Hello,
I would like to try all combinations of features to select the best combination to give the highest accuracy from regression.
I found the nodes for features selection loop start and end. But they provide the forward-backwards random and genetic algorithm to select the features.
They all do not provide the test over all combinations.
Is it possible to provide a workflow that forces the selection of all the combinations possible?
The run will take much more time but will guarantee to use the best model.
Hi zizoo,
There seems to be no native node to do the exhaustive search :(. If you are proficient with python/R/Java you can try to use a snippet node in the corresponding language. For example, in python there seems to be a ExhaustiveFeatureSelector in mlxtend package or you can generate all possible combinations using itertools
package, get those out into KNIME and then use those as a mask to select various feature subsets natively in KNIME.
What kind of model are you interested in. I’m confused a bit, because you’ve mentioned “… accuracy from regression”. If you plan to use a linear model only, then you can use the H2O GLM, which allows to constrain the number of parameters using Lasso regularisation. Would that be a viable option?
Best regards,
Mischa
Hello @zizoo,
there is exists a way to do brute force feature selection via KNIME’s Parameter Optimization Loop.
I created a workflow that shows how to do it:https://hub.knime.com/nemad/space/Brute_Force_Feature_Selection
However, besides the long runtime this approach also has the downside that the configuration of the Parameter Optimization Loop Start is tedious for a large number of features. However, in that case the loop will run forever anyway, so the longer configuration won’t have a big relative impact on the overall time spent by the workflow.
Cheers,
Adrian
Hi @lisovyi,
I plan to try different algorithms including linear regression, XGBoost and neural networks.
The reason for using the exhaustive search is to find one or two features that provide the highest accuracy determined with the highest R2.
Hi @nemad
I have hundreds of features that should go inside the node of parameter optimisation loop start.
Is there an option to automate the configuration of this node to avoid the need to enter manually the features?
Hi,
the strategy very much depends on the goal. If your goal is to determine a subset of the most important features for each model, why don’t you use model interpretation tools that were released in KNIME 4.0? For example, see this nice workflow:
https://kni.me/w/hl-WmjRhnteq_Aq-
As for your second question, at this moment there is no straightforward way to dynamically configure the parameter optimisation loop in your use-case (it is possible to configure the numerical partameters via flow variables, but not the number of parameters). However, we have it on our TODO list. Maybe Adrian can come up with some work around.
Best regards,
Mischa.
Hello @zizoo,
unfortunately, there is currently no workaround that would work for hundreds of features.
However, in this case, an exhaustive search is not feasible anyway:
For n features an exhaustive search has 2^n iterations.
In order to better illustrate what this means let’s consider the specific case of 300 features, in which the exhaustive search would have 2^300 > 10^90 iterations.
That is more iterations than there are atoms in the universe.
It’s a different story if you are only interested in subsets of a certain (small) size e.g. 2.
The number of such subsets is given by the binomial coefficient.

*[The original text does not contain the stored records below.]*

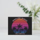 Cool beach vacation postcards for an island cruise or girl's bachelorette party to the coast. Features beautiful palm trees in front of a pretty pink beach sunset. Perfect custom keepsake postcards for your summer trip to the sea.
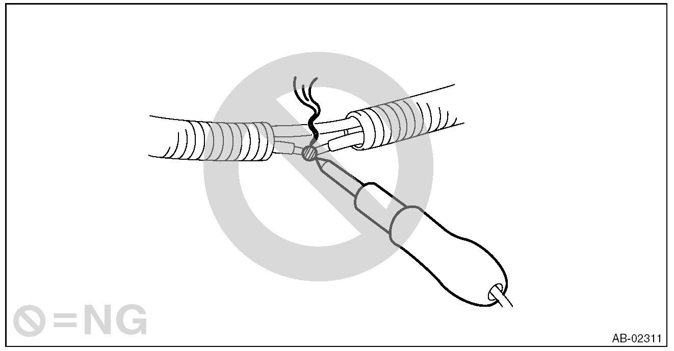 - If damage, open circuit or rust is found on airbag system wiring harness, do not repair the harness. Always replace the faulty harness with a new genuine part.
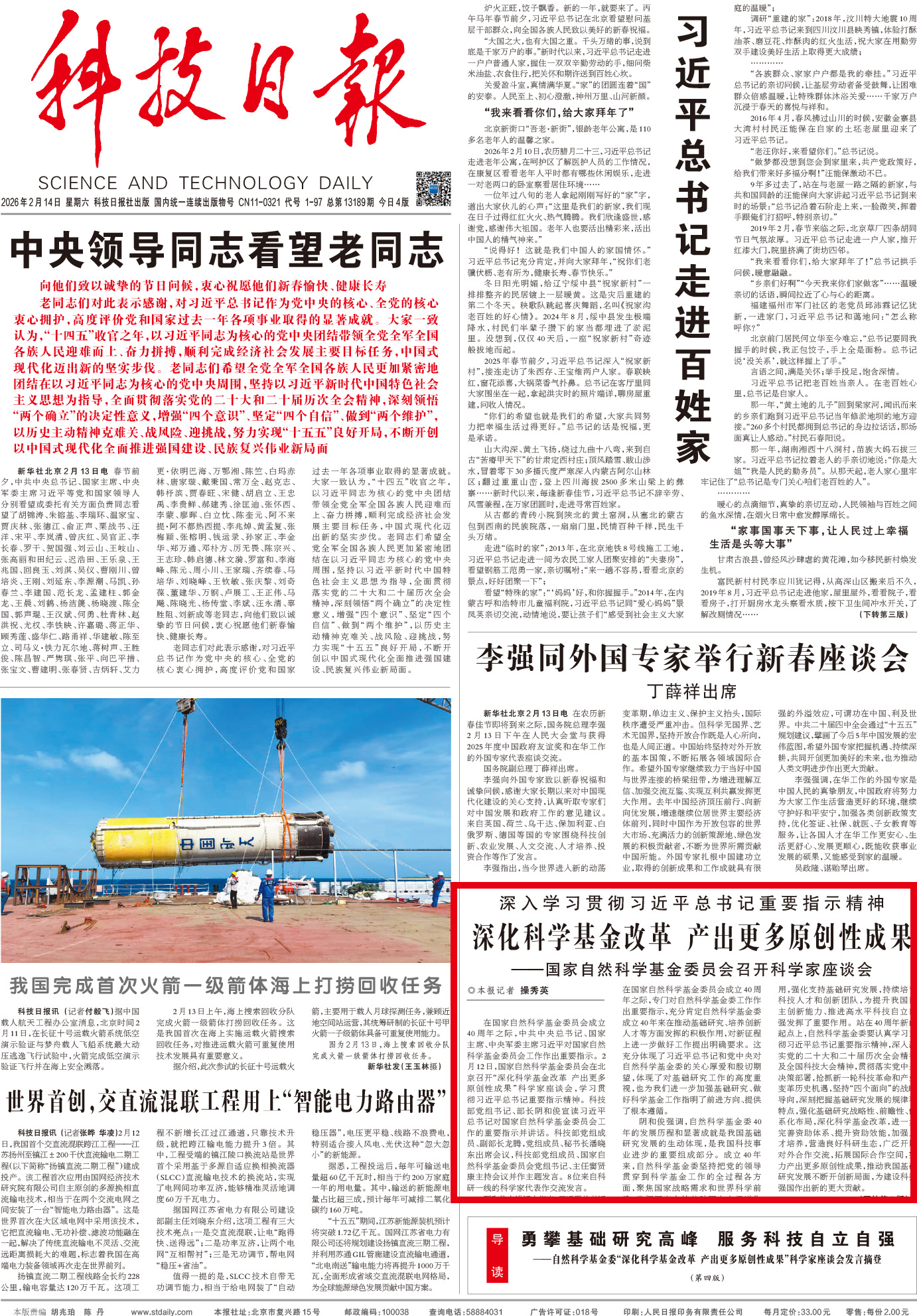 在国家自然科学基金委员会成立40周年之际,中共中央总书记、国家主席、中央军委主席习近平对国家自然科学基金委员会工作作出重要指示。2月12日,国家自然科学基金委员会在北京召开“深化科学基金改革产出更多原创性成果”科学家座谈会,学习贯彻习近平总书记重要指示精神。科技部党组书记、部长阴和俊宣读习近平总书记对国家自然科学基金委员会工作的重要指示并讲话。科技部党组成员、副部长龙腾,党组成员、秘书长潘晓东出席会议,科技部党组成员、国家自然科学基金委员会党组书记、主任窦贤康主持会议并作主题发言。8位来自科研一线的科学家代表作交流发言。

In the case of 300 features and subset size 2, this amounts to only 44850 possible subsets. A search through this space will still take a long time but it won’t take literally forever like the exhaustive search.
I believe it should be possible to realize such a search in KNIME using a nested combination of Column List Loops.
Cheers,
Adrian
Dear @nemad
I tried the nested column loop as you suggested with generic data in the workflow below.
It is not configured properly.
Could you please help me to fix it?KNIME_project5.knwf (29.8 KB)
Thanks,
Hi @nemad,
I could find the reason for the loop failure.
This topic was automatically closed 182 days after the last reply. New replies are no longer allowed.